* TASK ITEM:
In the copy, every line of the material that follows must appear exactly, and no pictures should.

* INFORMATION PROVIDED:
* * *

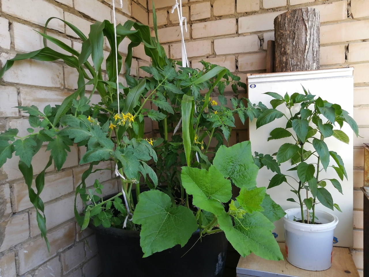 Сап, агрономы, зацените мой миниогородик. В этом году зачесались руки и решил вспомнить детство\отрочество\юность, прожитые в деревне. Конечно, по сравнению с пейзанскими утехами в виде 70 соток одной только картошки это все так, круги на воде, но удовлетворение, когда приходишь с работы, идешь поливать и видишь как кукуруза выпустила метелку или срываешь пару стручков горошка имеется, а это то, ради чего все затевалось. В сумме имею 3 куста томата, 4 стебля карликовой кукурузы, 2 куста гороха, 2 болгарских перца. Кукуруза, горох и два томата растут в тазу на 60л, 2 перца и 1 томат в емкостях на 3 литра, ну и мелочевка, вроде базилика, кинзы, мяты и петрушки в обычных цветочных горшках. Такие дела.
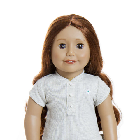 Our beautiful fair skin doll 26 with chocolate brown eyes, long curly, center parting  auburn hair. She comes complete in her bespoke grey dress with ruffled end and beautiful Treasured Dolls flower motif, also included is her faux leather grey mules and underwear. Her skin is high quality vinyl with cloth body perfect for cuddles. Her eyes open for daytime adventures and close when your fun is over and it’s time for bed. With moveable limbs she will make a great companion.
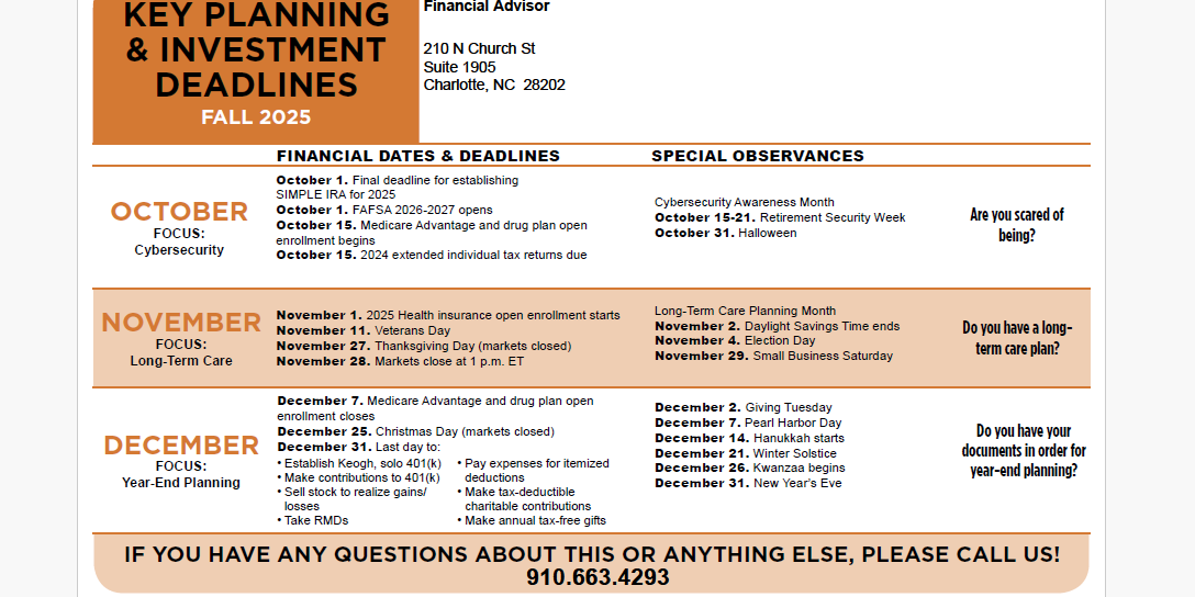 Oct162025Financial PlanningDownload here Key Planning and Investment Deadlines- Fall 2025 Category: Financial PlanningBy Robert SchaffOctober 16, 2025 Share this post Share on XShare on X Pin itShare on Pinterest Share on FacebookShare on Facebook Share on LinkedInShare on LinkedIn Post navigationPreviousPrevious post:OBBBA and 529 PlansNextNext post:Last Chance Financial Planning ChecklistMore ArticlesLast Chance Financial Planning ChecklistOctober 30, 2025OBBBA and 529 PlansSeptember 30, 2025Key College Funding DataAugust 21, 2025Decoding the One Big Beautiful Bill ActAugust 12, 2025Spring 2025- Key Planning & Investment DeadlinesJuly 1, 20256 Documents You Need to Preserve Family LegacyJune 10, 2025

* * *

* RESPONSE:
 Сап, агрономы, зацените мой миниогородик. В этом году зачесались руки и решил вспомнить детство\отрочество\юность, прожитые в деревне. Конечно, по сравнению с пейзанскими утехами в виде 70 соток одной только картошки это все так, круги на воде, но удовлетворение, когда приходишь с работы, идешь поливать и видишь как кукуруза выпустила метелку или срываешь пару стручков горошка имеется, а это то, ради чего все затевалось. В сумме имею 3 куста томата, 4 стебля карликовой кукурузы, 2 куста гороха, 2 болгарских перца. Кукуруза, горох и два томата растут в тазу на 60л, 2 перца и 1 томат в емкостях на 3 литра, ну и мелочевка, вроде базилика, кинзы, мяты и петрушки в обычных цветочных горшках. Такие дела.
 Our beautiful fair skin doll 26 with chocolate brown eyes, long curly, center parting  auburn hair. She comes complete in her bespoke grey dress with ruffled end and beautiful Treasured Dolls flower motif, also included is her faux leather grey mules and underwear. Her skin is high quality vinyl with cloth body perfect for cuddles. Her eyes open for daytime adventures and close when your fun is over and it’s time for bed. With moveable limbs she will make a great companion.
 Oct162025Financial PlanningDownload here Key Planning and Investment Deadlines- Fall 2025 Category: Financial PlanningBy Robert SchaffOctober 16, 2025 Share this post Share on XShare on X Pin itShare on Pinterest Share on FacebookShare on Facebook Share on LinkedInShare on LinkedIn Post navigationPreviousPrevious post:OBBBA and 529 PlansNextNext post:Last Chance Financial Planning ChecklistMore ArticlesLast Chance Financial Planning ChecklistOctober 30, 2025OBBBA and 529 PlansSeptember 30, 2025Key College Funding DataAugust 21, 2025Decoding the One Big Beautiful Bill ActAugust 12, 2025Spring 2025- Key Planning & Investment DeadlinesJuly 1, 20256 Documents You Need to Preserve Family LegacyJune 10, 2025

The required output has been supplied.